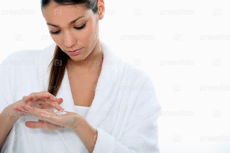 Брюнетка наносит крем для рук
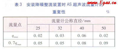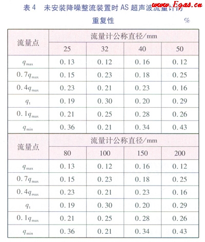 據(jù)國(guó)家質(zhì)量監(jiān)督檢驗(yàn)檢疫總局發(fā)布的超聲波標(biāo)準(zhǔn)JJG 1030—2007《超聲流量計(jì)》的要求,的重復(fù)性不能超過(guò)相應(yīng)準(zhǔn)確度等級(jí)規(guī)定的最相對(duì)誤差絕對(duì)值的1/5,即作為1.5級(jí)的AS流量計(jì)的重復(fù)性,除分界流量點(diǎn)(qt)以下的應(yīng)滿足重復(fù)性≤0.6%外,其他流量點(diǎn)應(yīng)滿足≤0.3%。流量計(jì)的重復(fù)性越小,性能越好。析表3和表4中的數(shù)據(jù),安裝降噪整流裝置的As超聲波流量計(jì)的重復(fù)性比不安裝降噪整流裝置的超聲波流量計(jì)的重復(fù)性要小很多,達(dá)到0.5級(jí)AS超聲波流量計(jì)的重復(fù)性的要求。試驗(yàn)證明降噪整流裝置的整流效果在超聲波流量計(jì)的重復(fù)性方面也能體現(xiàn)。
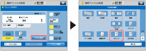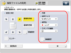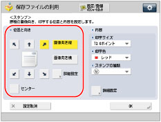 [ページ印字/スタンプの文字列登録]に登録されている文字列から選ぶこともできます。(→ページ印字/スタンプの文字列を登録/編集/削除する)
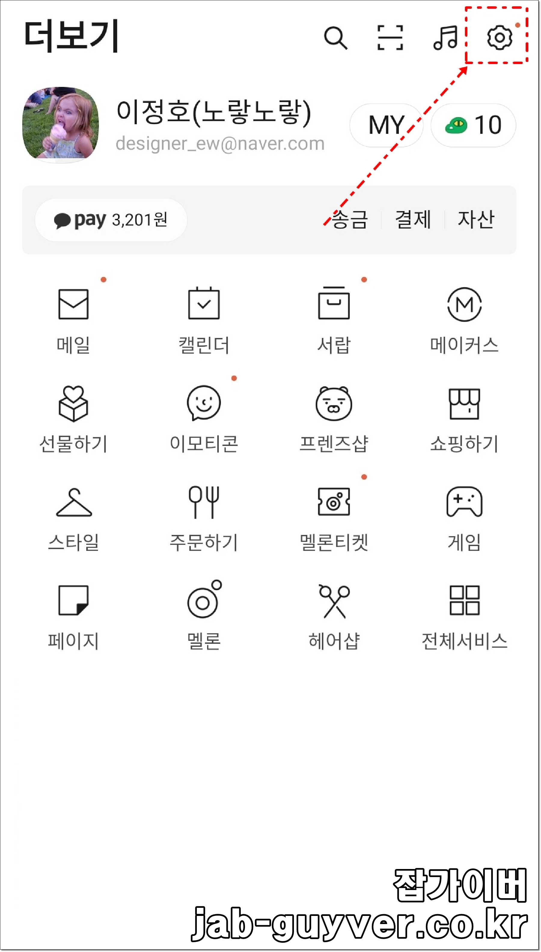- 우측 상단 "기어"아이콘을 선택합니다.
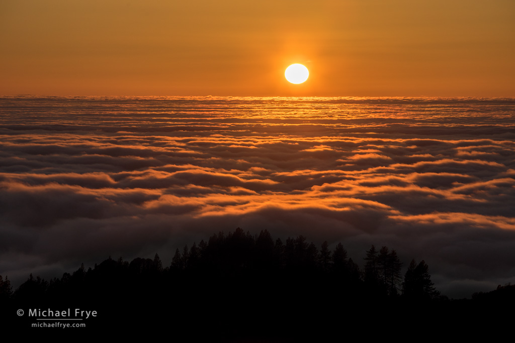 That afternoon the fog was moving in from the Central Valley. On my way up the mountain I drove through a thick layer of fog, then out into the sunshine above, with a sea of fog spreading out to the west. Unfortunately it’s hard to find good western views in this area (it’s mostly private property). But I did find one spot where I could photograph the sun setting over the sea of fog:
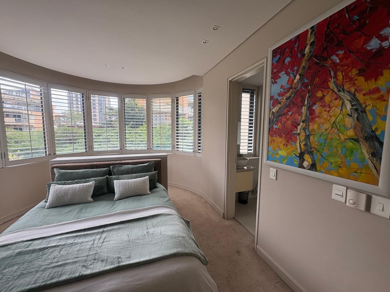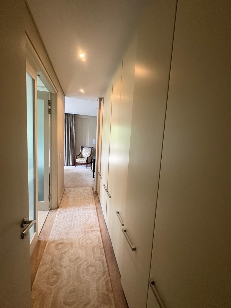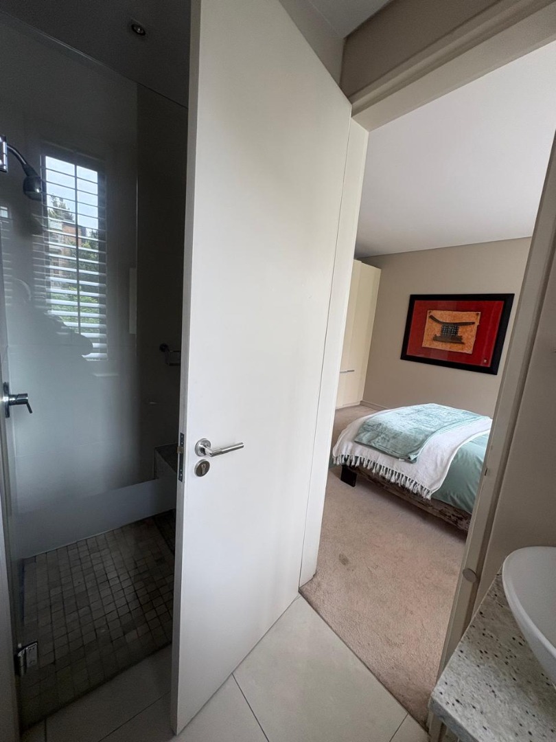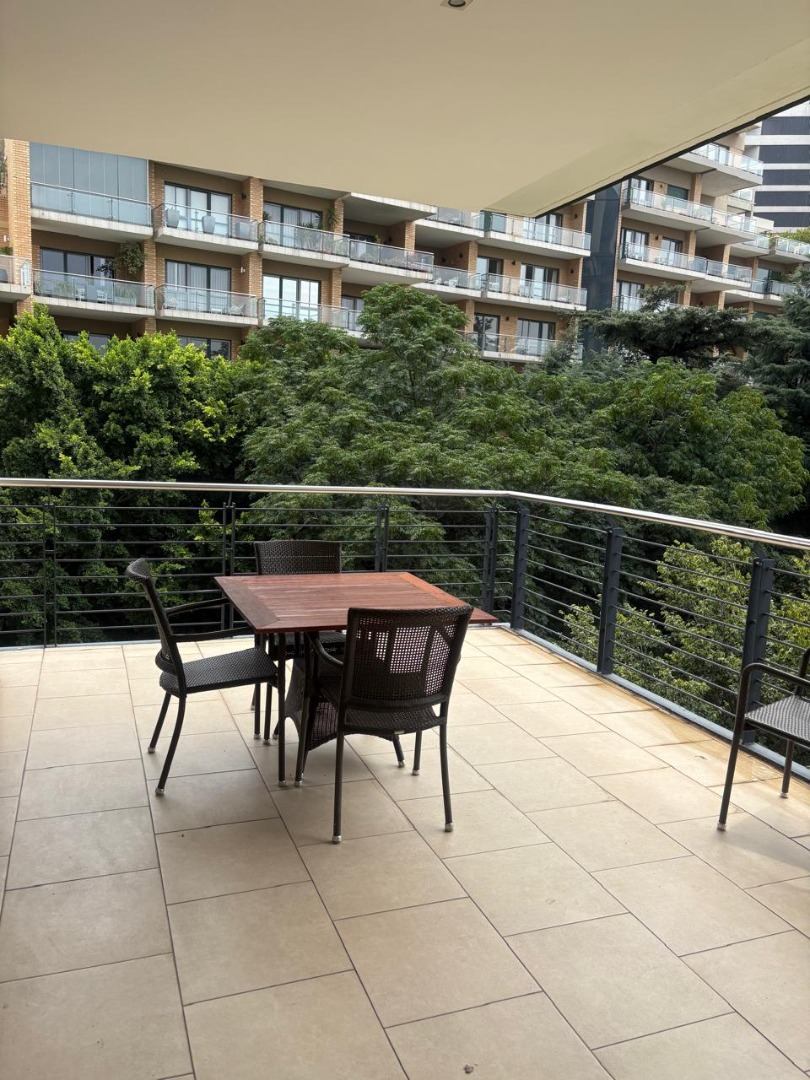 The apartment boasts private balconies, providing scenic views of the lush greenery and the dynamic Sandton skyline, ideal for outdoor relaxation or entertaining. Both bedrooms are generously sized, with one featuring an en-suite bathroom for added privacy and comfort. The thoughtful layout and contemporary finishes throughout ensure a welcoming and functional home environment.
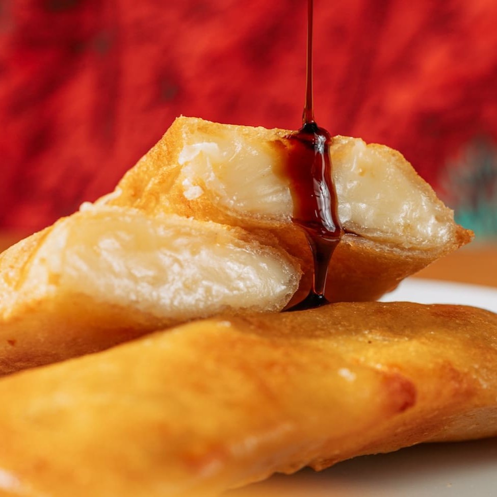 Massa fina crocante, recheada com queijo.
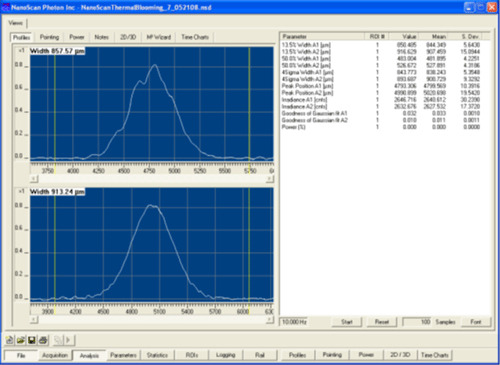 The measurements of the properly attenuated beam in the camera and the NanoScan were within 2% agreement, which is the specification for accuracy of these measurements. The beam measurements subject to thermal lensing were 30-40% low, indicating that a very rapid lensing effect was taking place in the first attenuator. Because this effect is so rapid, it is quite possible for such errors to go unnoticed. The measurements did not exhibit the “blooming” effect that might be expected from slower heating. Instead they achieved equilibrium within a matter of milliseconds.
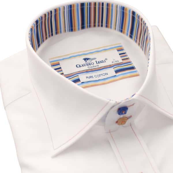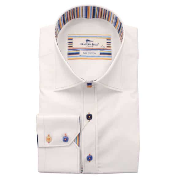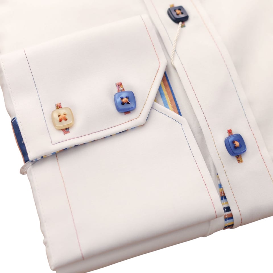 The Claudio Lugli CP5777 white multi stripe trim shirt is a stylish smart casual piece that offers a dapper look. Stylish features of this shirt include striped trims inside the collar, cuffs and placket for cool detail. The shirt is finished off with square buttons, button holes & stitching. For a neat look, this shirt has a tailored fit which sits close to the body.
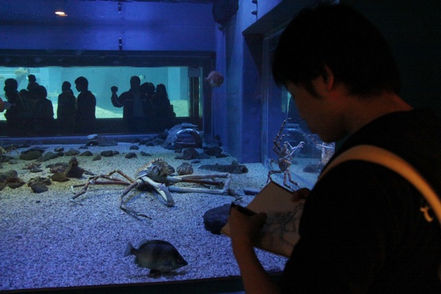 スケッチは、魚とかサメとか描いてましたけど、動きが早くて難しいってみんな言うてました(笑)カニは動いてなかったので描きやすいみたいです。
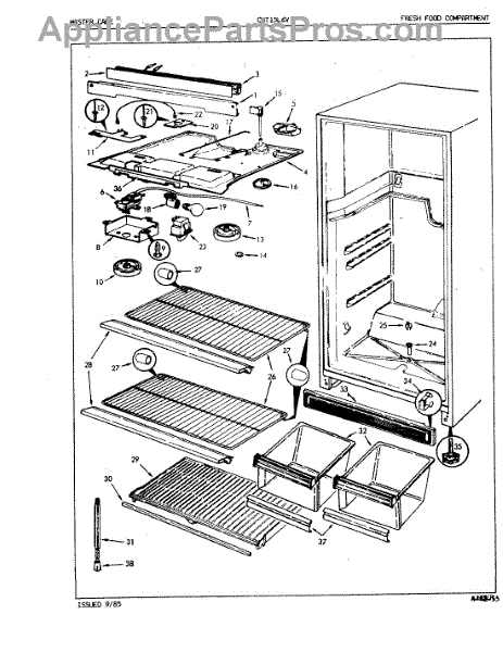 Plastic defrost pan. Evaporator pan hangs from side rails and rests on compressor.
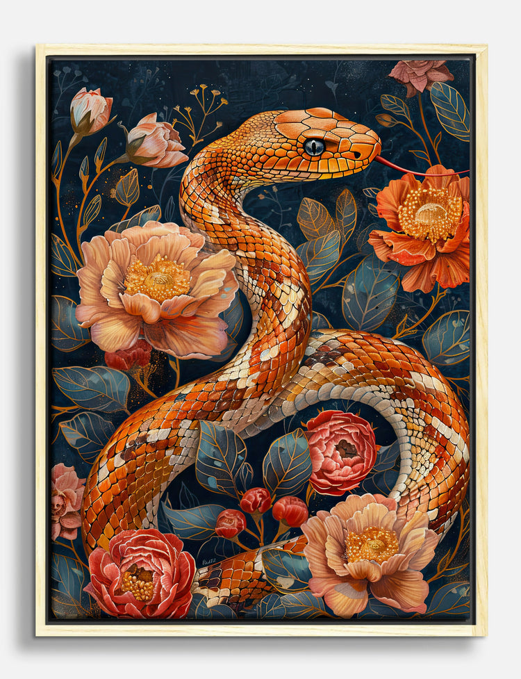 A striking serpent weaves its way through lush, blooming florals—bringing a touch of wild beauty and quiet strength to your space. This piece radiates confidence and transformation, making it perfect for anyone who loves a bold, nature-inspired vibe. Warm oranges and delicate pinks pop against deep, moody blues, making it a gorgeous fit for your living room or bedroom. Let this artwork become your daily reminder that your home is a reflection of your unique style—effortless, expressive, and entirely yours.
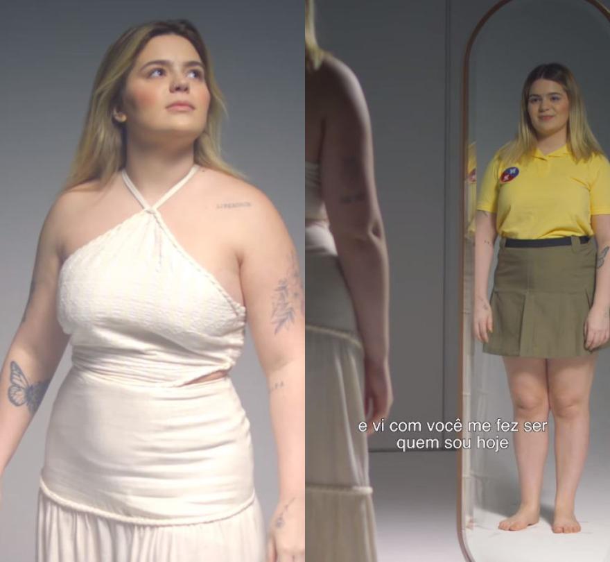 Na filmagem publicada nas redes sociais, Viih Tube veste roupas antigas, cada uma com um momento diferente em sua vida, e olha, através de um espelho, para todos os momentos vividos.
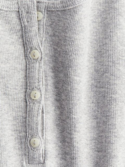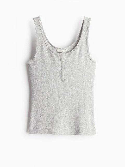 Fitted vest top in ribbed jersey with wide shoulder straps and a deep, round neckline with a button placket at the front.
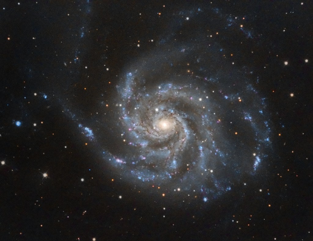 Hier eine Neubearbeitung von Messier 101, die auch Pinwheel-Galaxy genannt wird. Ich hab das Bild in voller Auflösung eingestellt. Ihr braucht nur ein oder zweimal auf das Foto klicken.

__________

• **AIM OF THE EXERCISE**
Above are the records; return the lines in them from the one with "據(jù)國(guó)家質(zhì)量監" to the one with "The measurements of", inclusive, exactly and without images.

• **TASK SOLUTION**
 據(jù)國(guó)家質(zhì)量監(jiān)督檢驗(yàn)檢疫總局發(fā)布的超聲波標(biāo)準(zhǔn)JJG 1030—2007《超聲流量計(jì)》的要求,的重復(fù)性不能超過(guò)相應(yīng)準(zhǔn)確度等級(jí)規(guī)定的最相對(duì)誤差絕對(duì)值的1/5,即作為1.5級(jí)的AS流量計(jì)的重復(fù)性,除分界流量點(diǎn)(qt)以下的應(yīng)滿足重復(fù)性≤0.6%外,其他流量點(diǎn)應(yīng)滿足≤0.3%。流量計(jì)的重復(fù)性越小,性能越好。析表3和表4中的數(shù)據(jù),安裝降噪整流裝置的As超聲波流量計(jì)的重復(fù)性比不安裝降噪整流裝置的超聲波流量計(jì)的重復(fù)性要小很多,達(dá)到0.5級(jí)AS超聲波流量計(jì)的重復(fù)性的要求。試驗(yàn)證明降噪整流裝置的整流效果在超聲波流量計(jì)的重復(fù)性方面也能體現(xiàn)。
 [ページ印字/スタンプの文字列登録]に登録されている文字列から選ぶこともできます。(→ページ印字/スタンプの文字列を登録/編集/削除する)
- 우측 상단 "기어"아이콘을 선택합니다.
 That afternoon the fog was moving in from the Central Valley. On my way up the mountain I drove through a thick layer of fog, then out into the sunshine above, with a sea of fog spreading out to the west. Unfortunately it’s hard to find good western views in this area (it’s mostly private property). But I did find one spot where I could photograph the sun setting over the sea of fog:
 The apartment boasts private balconies, providing scenic views of the lush greenery and the dynamic Sandton skyline, ideal for outdoor relaxation or entertaining. Both bedrooms are generously sized, with one featuring an en-suite bathroom for added privacy and comfort. The thoughtful layout and contemporary finishes throughout ensure a welcoming and functional home environment.
 Massa fina crocante, recheada com queijo.
 The measurements of the properly attenuated beam in the camera and the NanoScan were within 2% agreement, which is the specification for accuracy of these measurements. The beam measurements subject to thermal lensing were 30-40% low, indicating that a very rapid lensing effect was taking place in the first attenuator. Because this effect is so rapid, it is quite possible for such errors to go unnoticed. The measurements did not exhibit the “blooming” effect that might be expected from slower heating. Instead they achieved equilibrium within a matter of milliseconds.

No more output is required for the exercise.